Однако известный способ имеет существенные недостатки. Используемый штамм “Китанин” продуцирует не только гиалуронидазу, но и другие ферменты, в связи с чем необходимо проведение трехкратного фракционирования фильтрата сернокислым аммонием. Это удлиняет и усложняет технологический процесс, приводит к потере активности фермента и снижению выхода готового препарата.

Целью предлагаемого изобретения является получение стандартного препарата с высокой активностью и минимальными потерями выхода готового препарата.

Сущность изобретения заключается в том, что фермент выделяют и концентрируют сернокислым аммонием, стерилизуют через систему “Миллипор” и стандартизируют, используя отраслевой стандартный образец антигиалуронидазы стрептококковой (ОСО АГС), приготовленный на основании тест-фермента, оттитрованного по международному стандарту активности гиалуронидазы тестикулярной.

Пример.

В четверти с комбинированным скарлатинозным бульоном (2 л) засевают 4-х часовую культуру гемолитического стрептококка группы А, IV типа, штамма N 6, выделенного от больного скарлатиной, продуцирующего только гиалуронидазу. Выращивание культуры производят при 37^oC в течение 18-24 часов.

Предварительно перед массовым засевом культуры ампулу со штаммом вскрывают и высевают на 5%-ный кровяной бульон и выращивают в течение 24 часов.

Затем культуру трех-пятикратно пассируют на комбинированном бульоне. Штамм при выращивании должен продуцировать гиалуронидазу не менее 500 МД HyS.

После 24-х часового выращивания и проверки культуры на чистоту культуральную жидкость отделяют путем фильтрации через систему “Миллипор”.

К фильтрату добавляют заранее приготовленный сернокислый аммоний до 0,8% насыщения. Содержимое бутыли тщательно перемешивают до полного растворения сернокислого аммония и образования пленки фермента. Затем бутыли помещают в камеру при температуре (42)^oC на двое суток.

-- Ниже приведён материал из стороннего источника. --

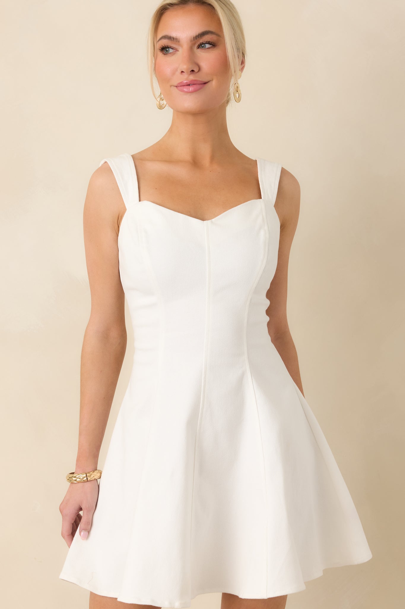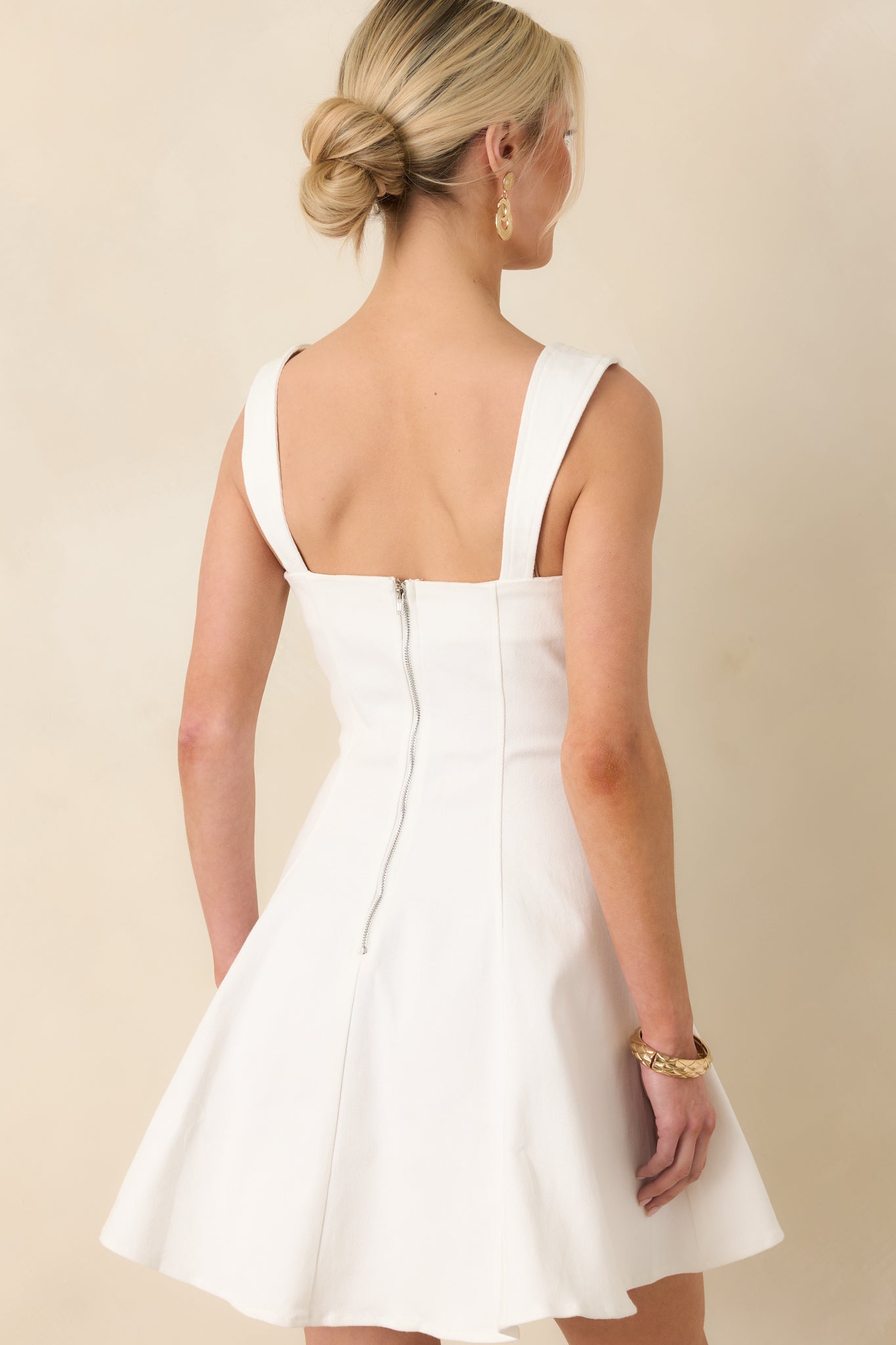 Effortlessly chic and undeniably versatile. this white cotton sleeveless denim mini dress is your go-to piece for warm-weather style. The crisp denim fabric offers structure and durability. while the sleeveless silhouette keeps you cool and comfortable. Perfect for layering with a jacket or wearing solo. this mini dress transitions seamlessly from casual daytime looks to evening outings. The timeless white wash pairs with everything in your wardrobe. making it an essential investment piece that works harder than you'd expect. This white dress features a silver hardware back zipper. a flattering fit and flare silhouette. a sleeveless design. and a paneled design that creates a more tailored look.

Отделение осадка гиалуронидазы из фильтрата производят на сепараторе АСГ-3 при 9000 оборотов в минуту.

Удаление сернокислого аммония из концентрата производят путем диализа против проточной водопроводной воды в течение двух суток. Активность гиалуронидазы определяют по ее способности препятствовать образованию сгустка гиалуроновой кислоты при добавлении уксусной кислоты.

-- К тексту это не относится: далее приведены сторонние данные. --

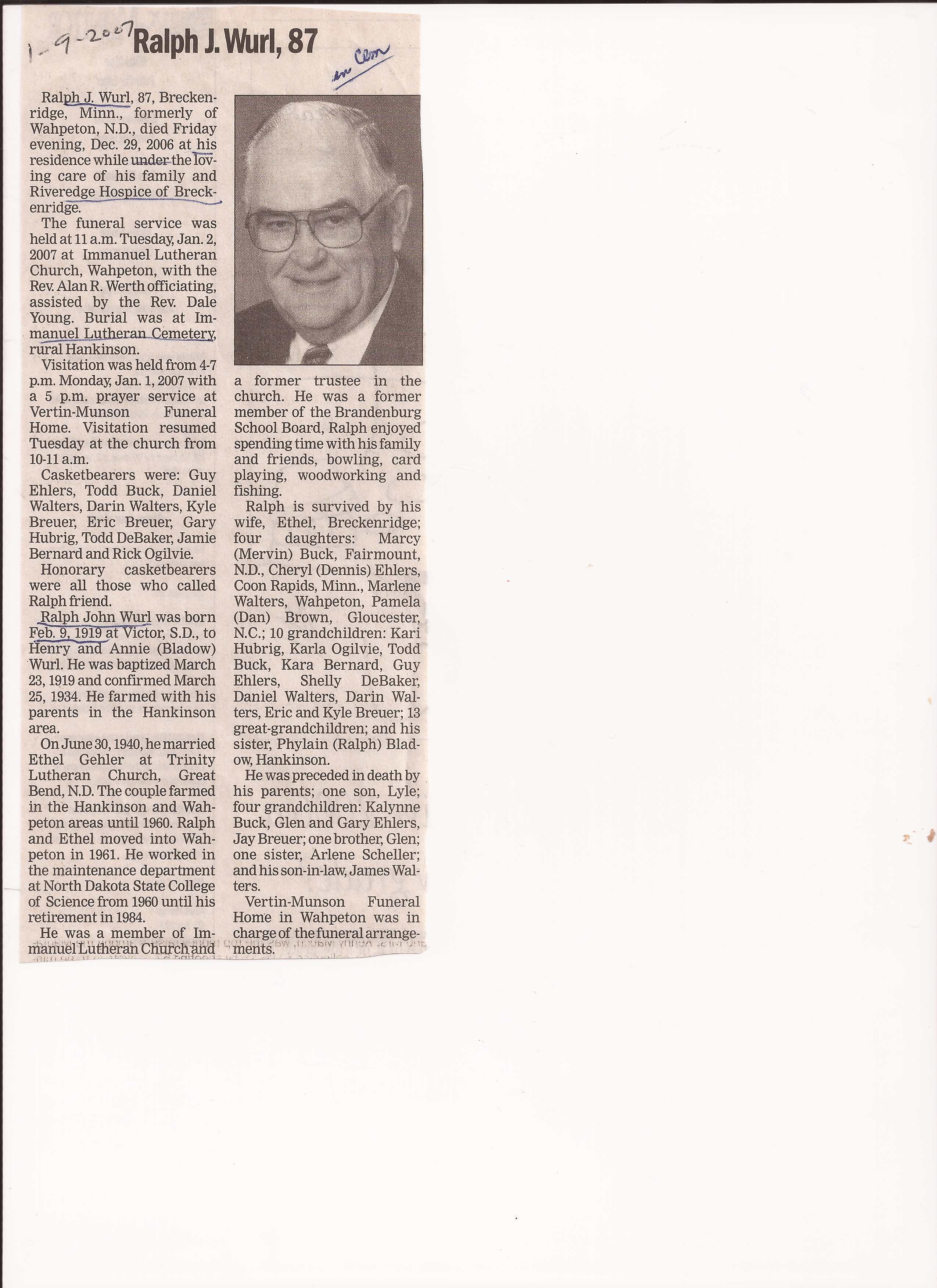 | WURL, Ralph John | 1919/02/09 | 2005/12/20 | // | // | Obit |

При разведении концентрированного фермента получают препарат с активностью от 1000 до 20000 МД HyS в 1 мл.

Полученный фермент подвергают стерилизующей фильтрации через систему “Миллипор”, стерилизующий фильтр 0,2 мкм, с минимальными потерями около 5% и сохранением исходной активности. После проведения контроля на стерильность и активность фермент лиофильно высушивают. Определение опытных доз гиалуронидазы производят со стандартной антигиалуронидазой ОСО.

Таким образом, предлагаемый способ позволяет получить высокоактивный стандартный препарат гиалуронидазы стрепрококковой с активностью до 20000 МД HyS в 1 мл с минимальными потерями выхода готового препарата до 5%.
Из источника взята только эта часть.